DRIVER_ASSIGNED = "driver_assigned"
DRIVER_ARRIVED = "driver_arrived"
IN_PROGRESS = "in_progress"
COMPLETED = "completed"
CANCELLED = "cancelled"
class VehicleClass(Enum):
ECONOMY = "economy"
COMFORT = "comfort"
PREMIUM = "premium"
@dataclass
class Location:
latitude: float
longitude: float
def distance_km(self, other: 'Location') -> float:
"""Haversine formula for great-circle distance."""
R = 6371 # Earth radius in km
lat1, lon1 = math.radians(self.latitude), math.radians(self.longitude)
lat2, lon2 = math.radians(other.latitude), math.radians(other.longitude)

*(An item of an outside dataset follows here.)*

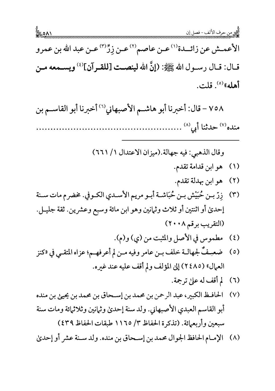 (¬٧) الحافظ الكبير، عبد الرحمن بن محمد بن إسحاق بن محمد بن يحيى بن منده أبو القاسم العبدي الأصبهاني. ولد سنة إحدى وثمانين وثلاثمائة ومات سنة سبعين وأربعمائة. (تذكرة الحفاظ ٣/ ١١٦٥ طبقات الحفاظ ٤٣٩)

dlat, dlon = lat2 - lat1, lon2 - lon1
a = math.sin(dlat/2)**2 + math.cos(lat1)*math.cos(lat2)*math.sin(dlon/2)**2
return R * 2 * math.asin(math.sqrt(a))
@dataclass
class Driver:
driver_id: str
name: str
vehicle_class: VehicleClass
license_plate: str
rating: float = 5.0
is_available: bool = True
current_location: Optional[Location] = None
@dataclass
class Rider:
rider_id: str
name: str
email: str
rating: float = 5.0
@dataclass
class Trip:
trip_id: str = field(default_factory=lambda: str(uuid.uuid4()))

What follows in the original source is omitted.